I hadn’t planned to pick this up, based on the previews, but after Dini’s fantastic Batman: Streets of Gotham and following his great run on Detective Comics, I though the book deserved a chance. Gotham City Sirens operates as a team-up book between Catwoman, Harley Quinn, and Poison Ivy in the extremely chaotic new Gotham City. Alongside the recent Batman & Robin #1, Detective Comics #854, Batman #687, and Red Robin #1 (and, of course, Dini’s other title, Streets), Sirens is also about the efforts of a number of former supporting characters trying to carve out their own piece of the City, in one way or another. But how does it work?
Despite some quality work, both from writer Paul Dini and artist Guillem March, though, the answer for the book is largely ‘no’. It’s a slight, breezy read, and Dini does a better job than I thought he would in introducing Catwoman into the beloved Harlvey/Ivy mix, but where it ultimately fails is in the art. March and Dini appear to have taken the theory “Give them what they want” to rather extreme lengths – the amount of cheesecake in the book is absurd.
Which is unfortunate.
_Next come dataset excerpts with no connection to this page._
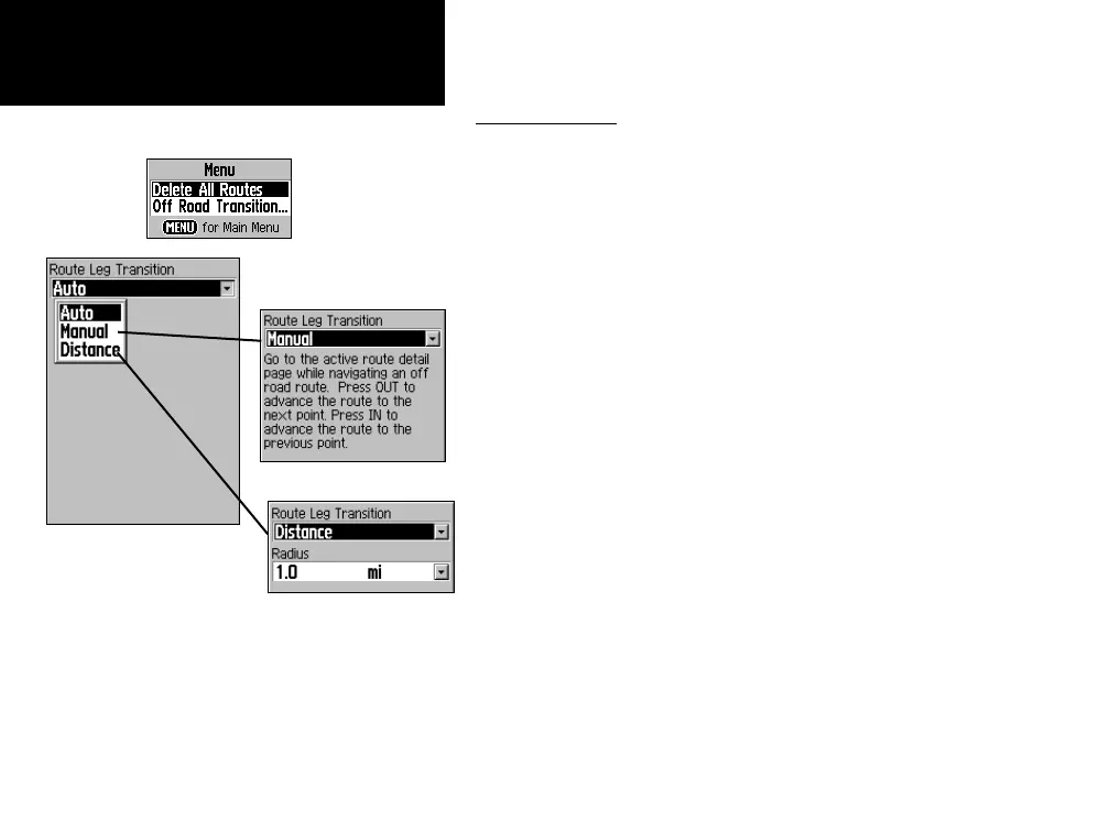 3. Highlight the Route Leg Transition field and press
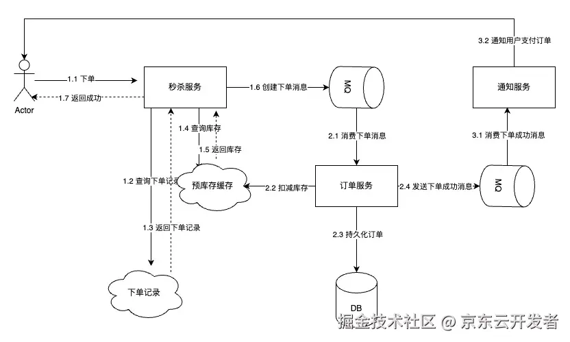 针对于这种流量洪峰下的秒杀场景,对于接单接口的性能是很大的考验,所以接单接口不会有很多同步交互的复杂逻辑。我们一般都是先异步将订单接下来,返回给用户成功,通过消息队列来削峰处理订单,缓存存储相关sku的库存,当扣减库存成功后,再短信通知用户支付订单。
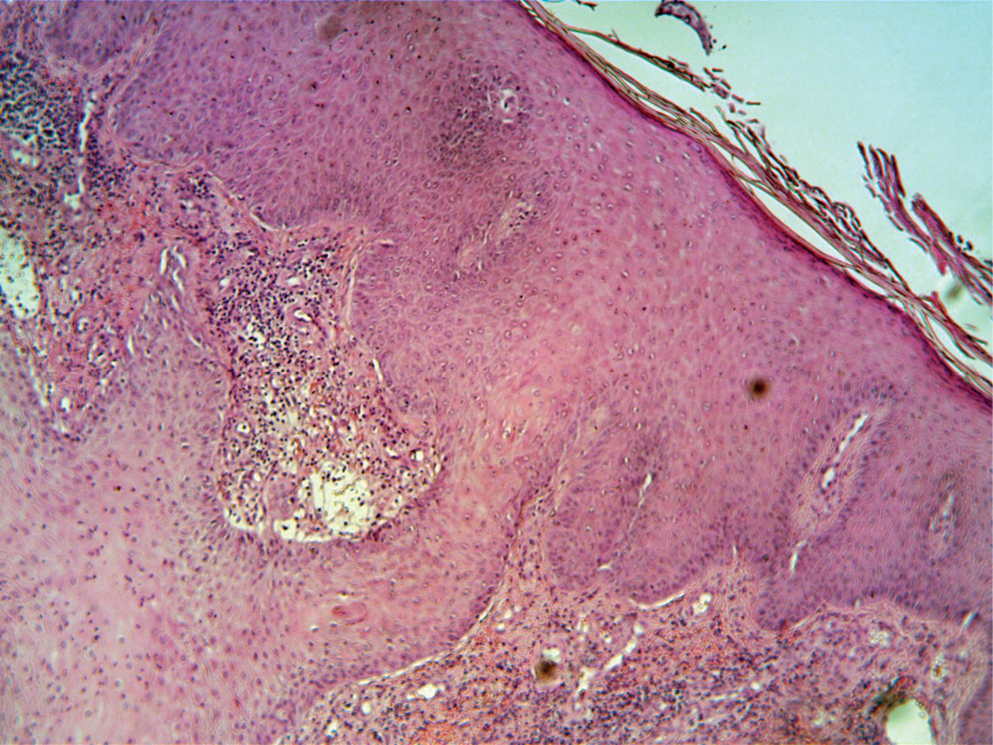 Рис. 5. Гистологический препарат (май 2021 г.). Правая кисть (окраска гематоксилином и эозином; ×100). Гиперкератоз, выраженный акантоз, псведоэпителиоматозная гиперплазия эпидермиса. В верхней части дермы сосуды расширены, диффузно-очаговые инфильтраты их лимфоцитов, гистиоцитов, эозинофилов, плазмоцитов и нейтрофилов
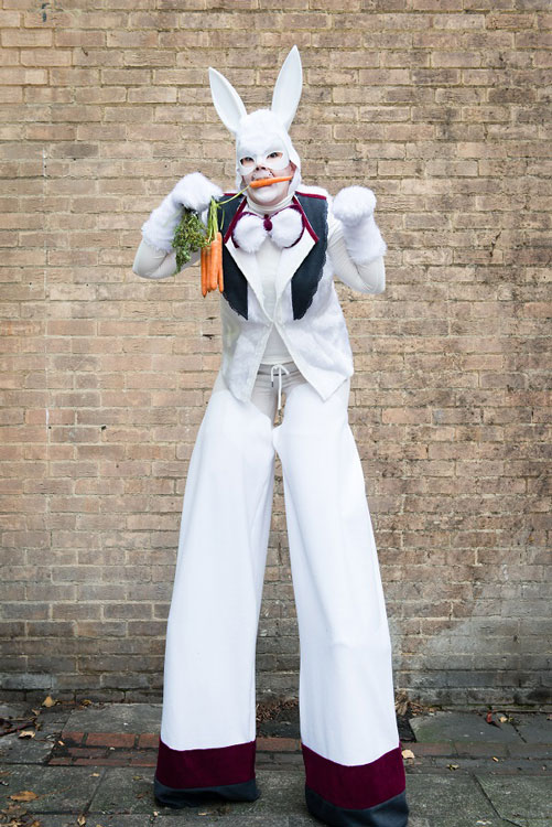 I nostri artisti in giro sono disponibili sia come conigli bianchi camminatori su trampoli che come personaggi di conigli bianchi in giro, senza trampoli!
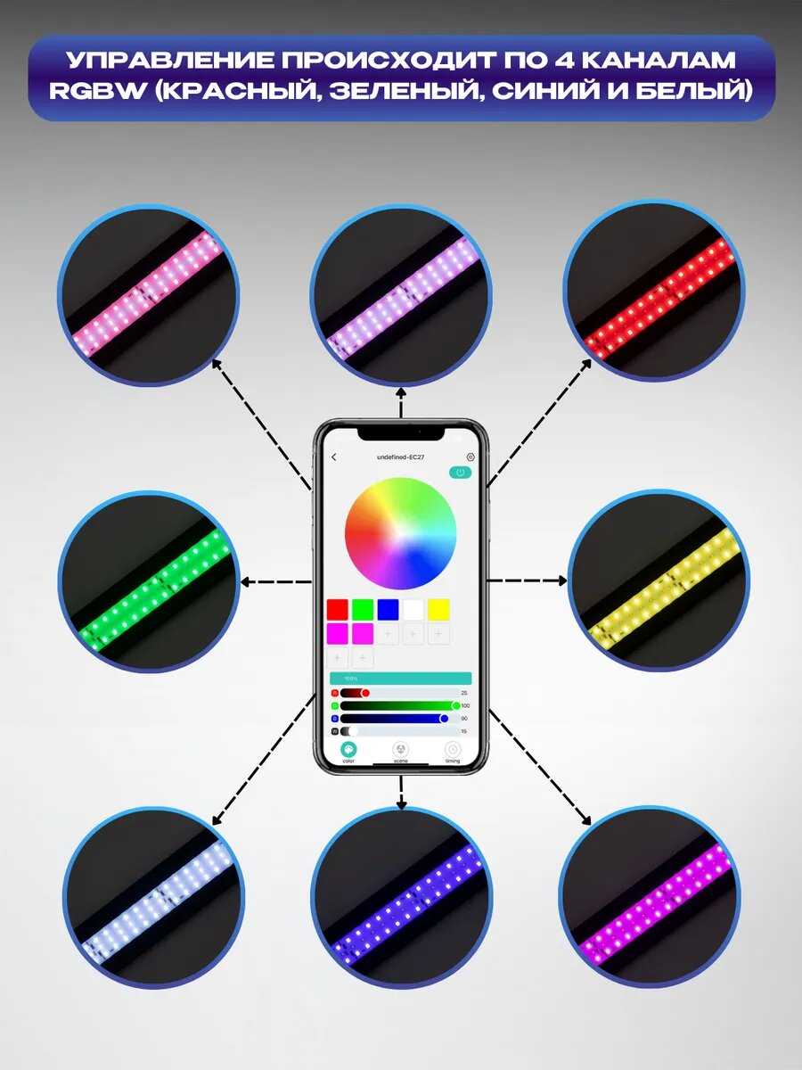 Особенности : | возможность вращения, два спектра, для роста растений, для усиления окраса рыб, для цихлид, естественный свет, ночная подсветка, разноцветный, с регулировкой интенсивности |
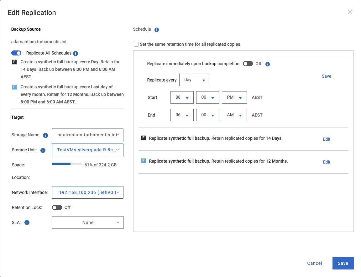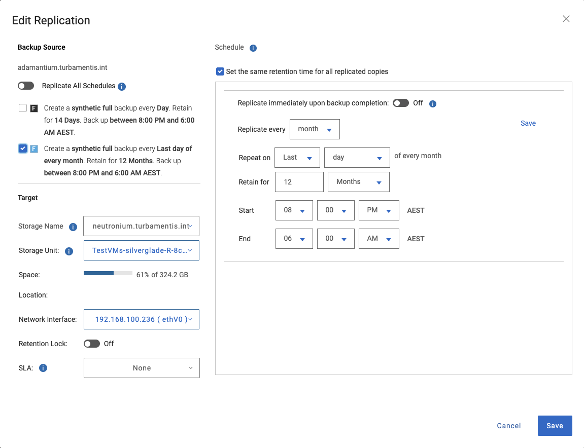 With those options chosen, my daily backups won’t be replicated but my monthlies will be. Now, again, this isn’t something you want all the time – typically you do want all your backups replicated, but in situations where you’ve got really low-bandwidth links between sites but you still need to get the monthly backups replicated, this option will simplify your configuration.

When March isn’t concerned with arching backs just enough to highlight both the breasts and the butts of the anti-heroines in every panel they’re in, he draws some genuinely dynamic fight scenes that were a pleasure to watch. His style is a little too cartoonish for the book at times – it seems like he’s trying to go for funny through exaggerated and never quite gets there – but his work is far from bad, it just isn’t used as well as it could be.
I’m also glad that Dini is following up on what happened to Catwoman in Heart of Hush, even if what happened to Catwoman in Heart of Hush was absolutely ridiculous (in a bad way). Dini provides the core of an interesting book here – Catwoman recovering from a recent trauma with two people she absolutely can’t trust… but the last she heard, Bruce was dead, Tim was seriously wounded, and the guy dressed as Batman beat the tar out of her, so her circle of ‘friends’ is diminishing quickly.
All that could be very, very interesting, played the right way. But instead, Dini and March seem to have opted to play it Charlie’s Angels style, a concept that may not exactly have staying power when you consider the fact that two of the three of them are two of Gotham’s most hardcore villainesses. And, to be entirely frank, I’m not sure I’d miss it if it were gone.